Knowing when you're being linked to

If we database everything locally then reciprocal linking is easy. But, realistically, we can't database everything (OK, maybe that's not strictly true, can can think of Google as a database of everything). The enhanced PLoS paper "knows" that it cites the uBio record, how can the uBio record "know" that it has been cited by the PLoS paper? What if the act of linking was reciprocal? How can we achieve this in a distributed world? Some possibilities:
  • we have an explicit API embedded in the link so that uBio can extract the source of the link (could be spoofed, need authentication?)

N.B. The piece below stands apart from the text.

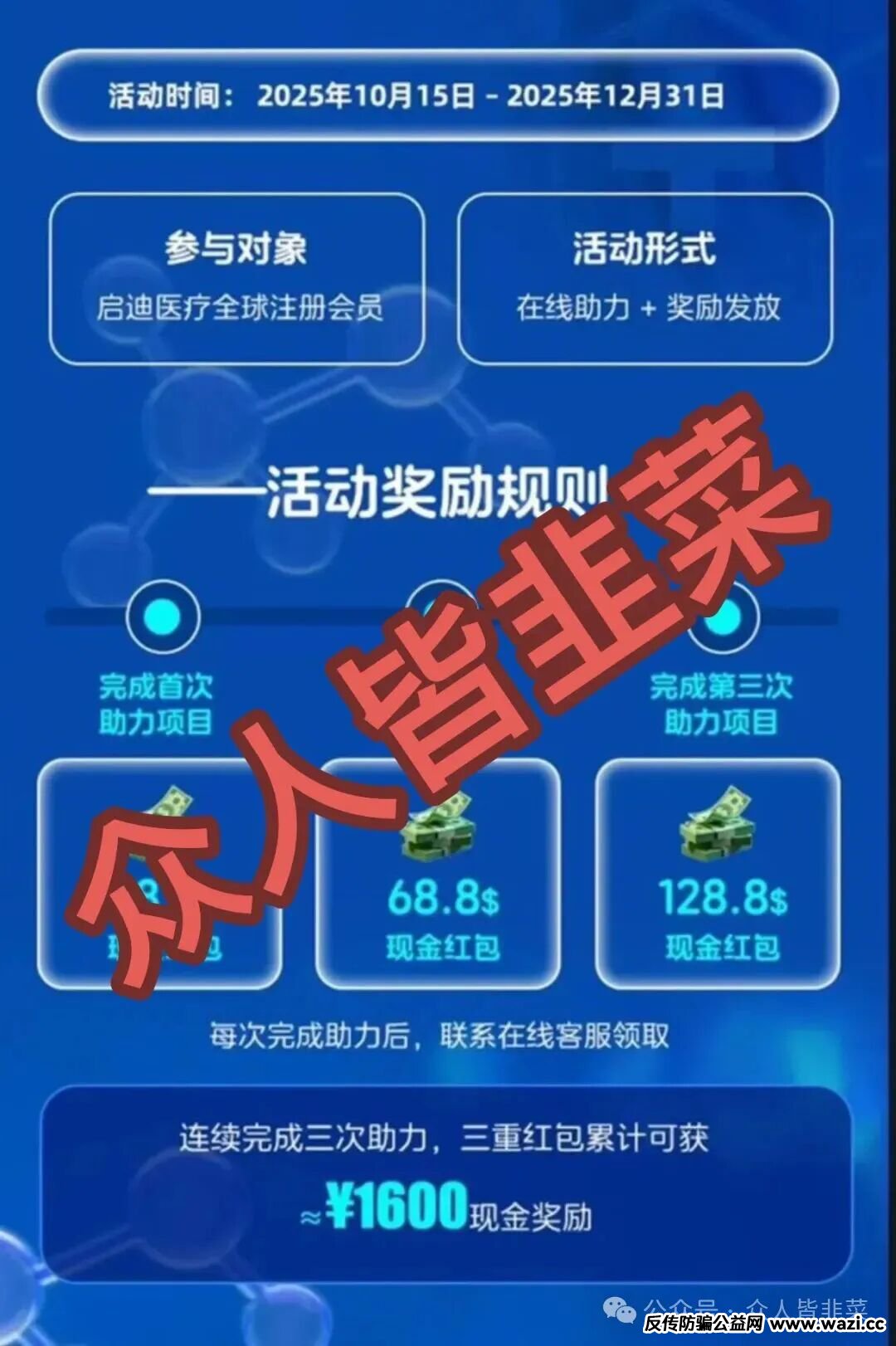 粉丝投稿的一个叫健康启迪协会的诈骗资金盘,利用投资医疗产品赚钱的噱头,吸引了不少人参与其中,属于分红模式骗局,小编搜索了一下关于这个骗局的信息,貌似在之前就已经单割过。

  • we use OpenURL-style links that embed the PLoS DOI, so that uBio knows the source of the link (OpenURL is a mess, but potentially very powerful)
  • uBio uses the HTTP referrer header to get the source of the link, then parses the PLoS HTML to extract metadata and the DOI (ugly screen scraping, but no work for PLoS)

Obviously this needs a little more thought, but I think that real integration by linking requires that the resources being linked are both computer and human readable, and that both resources know about the link. This would create much more powerful "semantically enhanced" publications.